Discover how Guillermo del Toro’s Frankenstein transforms the Creature’s ending into a story of forgiveness, survival, and humanity.
  • Guillermo del Toro’s Frankenstein is a 2025 American Gothic science fiction film that reimagines Mary Shelley’s timeless novel with poetic horror and emotional depth. Written and directed by del Toro, the film stars Oscar Isaac as Victor Frankenstein, Jacob Elordi as the Creature, and Mia Goth as Elizabeth, alongside Felix Kammerer, Lars Mikkelsen, Christoph Waltz, and Charles Dance. The film opened in limited theaters on October 17 and will be released globally on Netflix on November 7.

    Every generation gets its own version of Frankenstein, but few have dared to approach the story with as much reverence and reinvention as del Toro. Known for blending the fantastical with the tragic in Pan’s Labyrinth and The Shape of Water, he treats Shelley’s tale as sacred text. 

    “I’ve lived with Mary Shelley’s creation all my life. For me, it’s the Bible. But I wanted to sing it back in a different key — with a different emotion,” del Toro told Netflix Tudum.

    His interpretation transforms the iconic monster into something holy, a “patron saint” of the misunderstood.


    The monster lives on: Guillermo del Toro’s bittersweet ending

    Netflix’s Frankenstein concludes on a hauntingly hopeful note that redefines the relationship between creator and creation. After a tragic series of deaths — including Elizabeth’s — Victor Frankenstein dies alone in the Arctic, pursued and broken by his own obsession. But unlike many versions before it, this Frankenstein allows the Creature to live.

    In Mary Shelley’s novel, the Creature swears to burn himself alive after Victor’s death, a gesture of remorse that closes the story in despair. Del Toro, however, diverges: his Creature is immortal, incapable of dying because of Victor’s experiments. As he kneels beside his creator’s body, the Creature forgives him — a reversal of the power dynamic that defined their story. Victor, once a godlike figure, dies pleading for mercy, while his “monster” shows compassion.

    The ending feels quintessentially del Toro — tragic yet tender, monstrous yet divine. Rather than focusing on revenge, Frankenstein becomes a meditation on identity, loneliness, and the human desire to be seen. “Mary Shelley’s masterpiece burns with questions that only monsters can answer,” del Toro said, and his adaptation honors that. The Creature’s survival reframes the ending as a statement about endurance — that even in rejection, life persists, and in suffering, empathy can bloom. It’s a quietly revolutionary finale that elevates the misunderstood monster into something almost saintly.
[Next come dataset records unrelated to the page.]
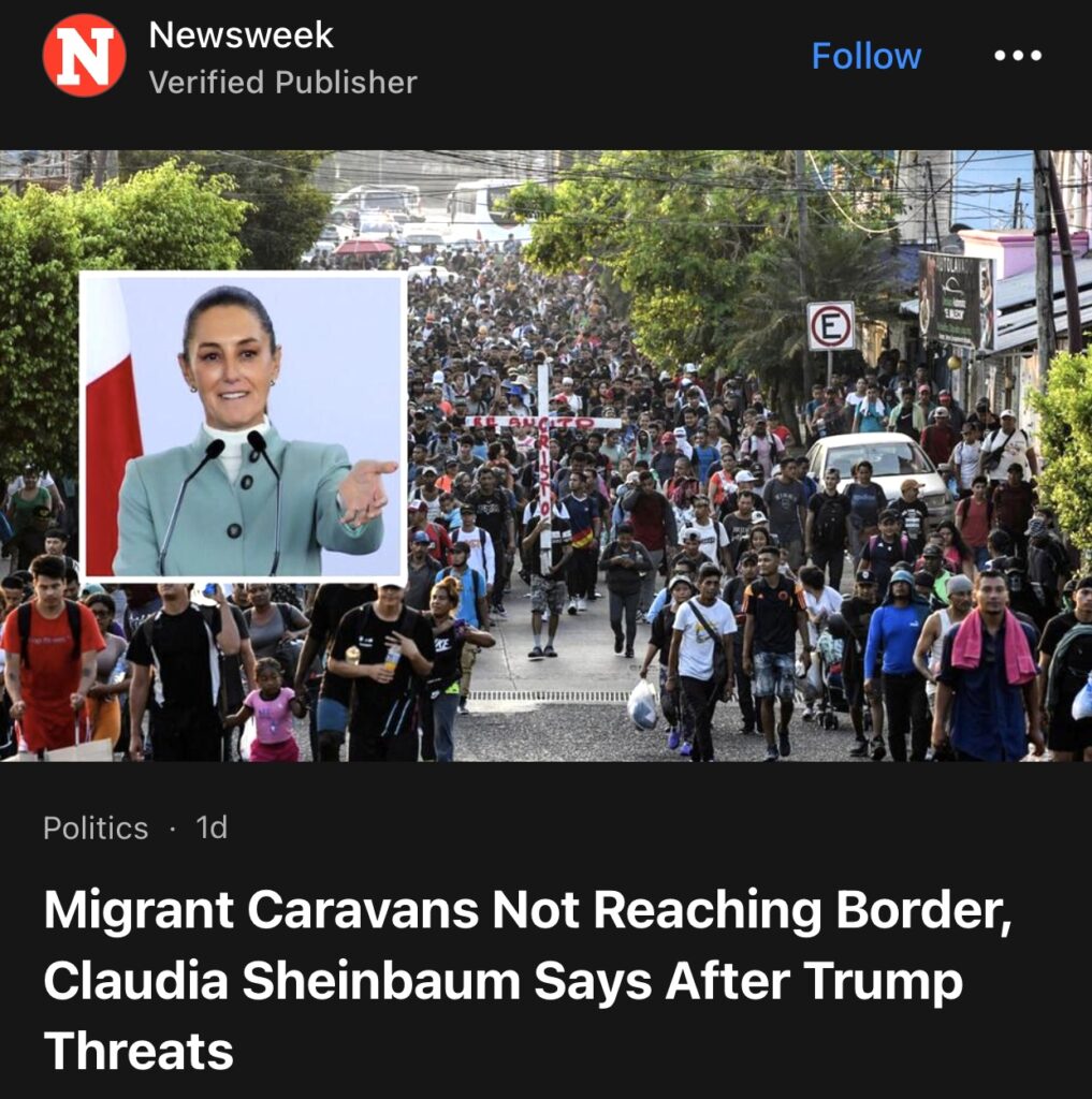 7。据Newsweek 报道,墨西哥总统克劳迪娅·谢因鲍姆在特朗普发出威胁后表示,移民大篷车不会到达边境。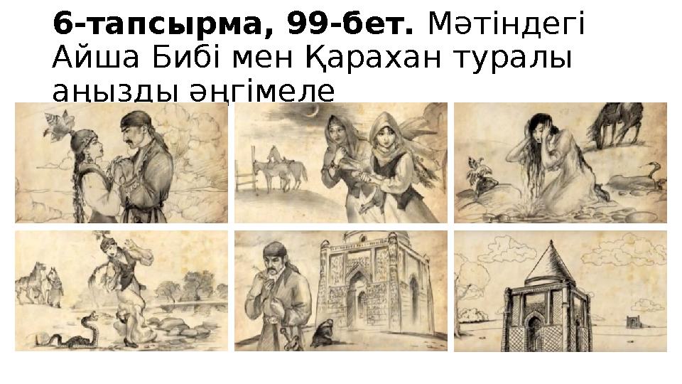 Дескриптор: -мәтін бөліктерімен жұмыс жасайды, мәтіннің негізгі мазмұнын түсінеді; -мәтін бөліктерін суреттермен дұрыс сәйкестендіреді; - өз көзқарасын, пікірін жеткізеді; -аңызды сипаттай біледі;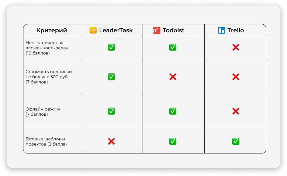Например, нужно выбрать таск-менеджер. Есть несколько вариантов, и вы не знаете, какой выбрать. Составьте список критериев и назначьте им баллы по степени важности, где 10 — очень важный, а 1 — совсем не важный. Например, на 7 из 10 баллов вам важно, чтобы подписка стоила не больше 300 руб. в месяц. На 10 из 10 важно, чтобы у задач была неограниченная вложенность.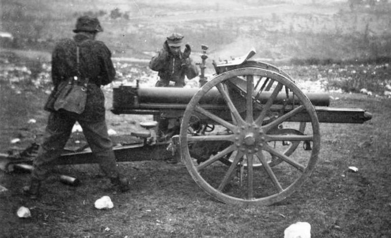 Italian Cannone da 75/27 modello 06 being fired by German gunners, ca 1943.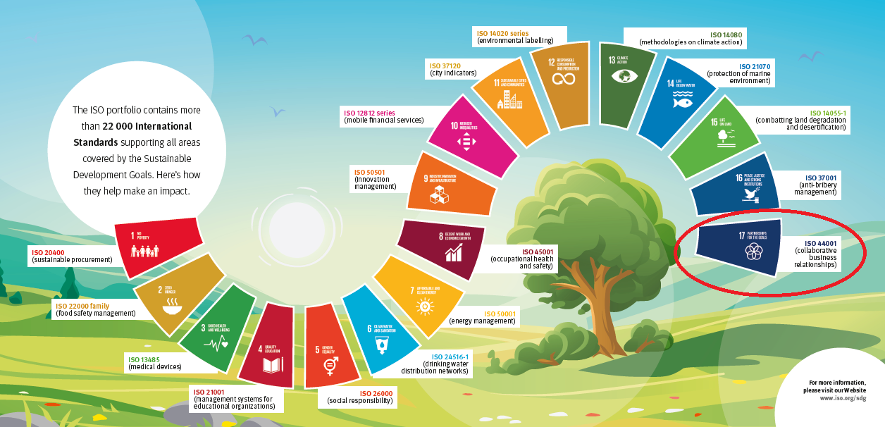 A gestão colaborativa com base na família ISO 44001 é uma das formas de dar resposta ao Objetivo 17 “Parcerias para a Implementação dos Objetivos” dos objetivos de desenvolvimento sustentável das Nações Unidas.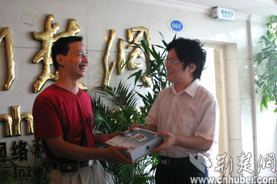 荊楚網(wǎng)副總編輯黃斌給武漢胡先生頒獎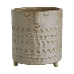 Ihr Fernweh leben Sie in trendigen Ethno-Accessoires für Ihr Zuhause aus – mit dem Ethno Blumentopf mit Gesicht aus hellbraunem Porzellan. Der Blumentopf lässt sich mit frischen Kräutern oder Sukkulenten beispielsweise auf Fensterbänken platzieren oder auf dem gedeckten Tisch gruppieren. Oder Sie lassen die Pflanze weg, und dekorieren den Blumentopf als Blickfang im Regal.

    A tragic reimagining: Recap of Frankenstein

    Frankenstein begins with grief — Victor’s desperate bid to reverse death after losing his mother. His experiments in reanimation succeed but unleash a being he cannot control. The Creature, intelligent yet lonely, finds fleeting humanity through Elizabeth, who sees in him what Victor never could: innocence. Their connection gives the story its emotional center, echoing del Toro’s fascination with beauty in monstrosity.

    But Victor’s jealousy poisons that tenderness. When he discovers Elizabeth with the Creature, he tries to kill him — and in the chaos, Elizabeth is fatally shot. Her death seals Victor’s descent into guilt and madness. He hunts his creation across continents, driven by vengeance and self-loathing, until their confrontation in the Arctic ends both their torment — though only Victor’s life.

    Through it all, del Toro infuses his world with color and symbolism. Victor’s recurring vision of a burning angel — once divine, now skeletal — becomes a metaphor for his fall from grace. Each death, each act of violence, brings him closer to the truth he cannot face: that the real monster is the man who could not love his own creation.

    Guillermo del Toro’s Frankenstein transforms a familiar tragedy into a story of forgiveness and rebirth. By letting the Creature live, del Toro reframes Shelley’s cautionary tale into something deeply human — about empathy, redemption, and the fragile hope that even the damned can be saved. It’s not the death of Frankenstein’s monster we remember, but his survival — a symbol of all who are feared, misunderstood, and yearning to be loved.